Pulling an imaginary red flannel on as if it were a security blanket, I’d retreated to the ’90s as a kind of stop-gap for our present. Because ours is a nightmare epoch of coronavirus and climate catastrophe, political radicalization and digital surveillance capitalism, it’s hard not to valorize the last decade of the twentieth-century when dissatisfaction was a pose and not a requirement. When people assumed that the future would actually be better. As the often wrong, but always interesting, pop culture critic Chuck Klosterman writes in his new book The Nineties, it was “in retrospect, a remarkably easy time to be alive.” The long nineties are a decade that began with the fall of the Berlin Wall in 1989 and ended with the fall of the World Trade Center in 2001, the brief interlude of American le belle epoque between the end of the Cold War and the beginning of whatever it is that we’re living in now. Simultaneously the last normal decade and the decade where everything changed.
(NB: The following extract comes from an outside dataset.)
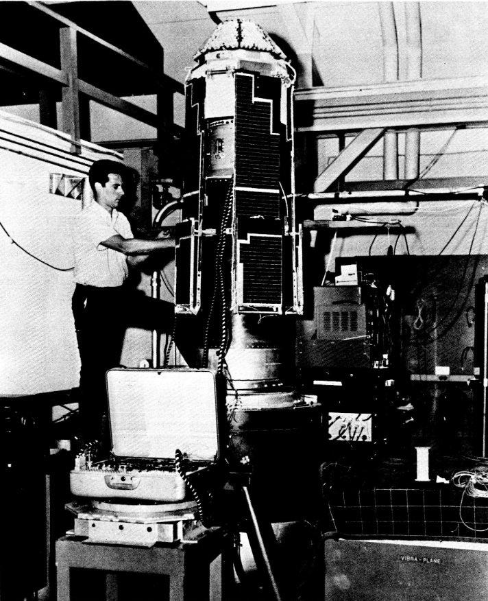 S66SN35 Mounted on Vibration Table -- this satellite eventually was named Explorer 22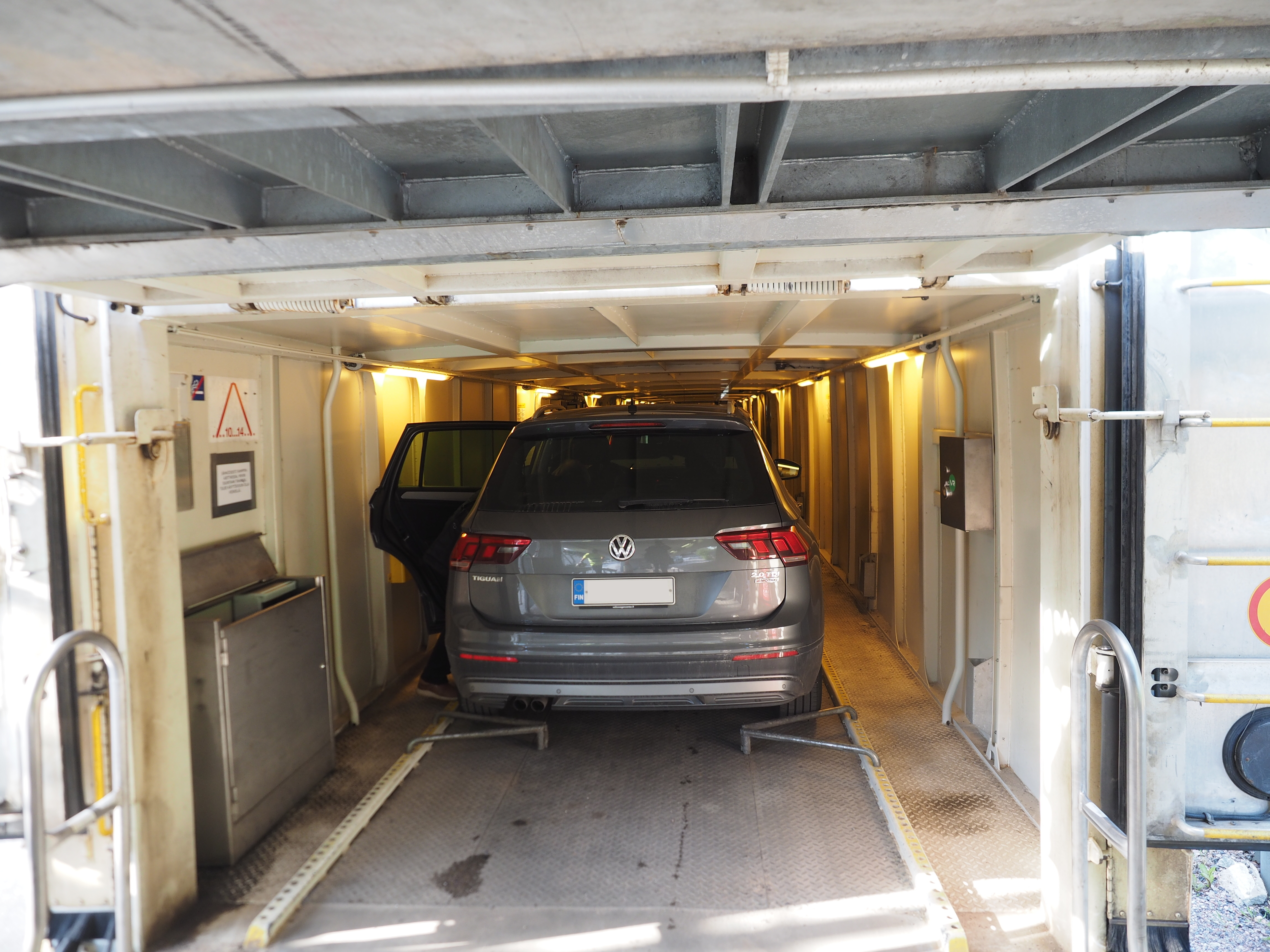 A Volkswagen Tiguan car loaded on a car transport carriage on a Finnish long-distance train from Helsinki to Kolari. The licence plate has been artificially deleted for privacy reasons.

Within The Nineties, Klosterman posits two different hypotheses, an explicit one related to the intrinsic difference of that era and an implicit one concerning its fundamental similarity. For Klosterman, the ’90s were the moment before the wave crashed against the pier, the last vestige of an old order that, even with the approaching millennium, people didn’t quite understand was reaching its conclusion. “It’s hard to explain the soft differences between life in the 2020s and life in the 1990s to any person who did not experience both of those periods as an adult,” Klosterman writes, “far more difficult than explaining the day-to-day difference between life in 1960 and life in 1990.”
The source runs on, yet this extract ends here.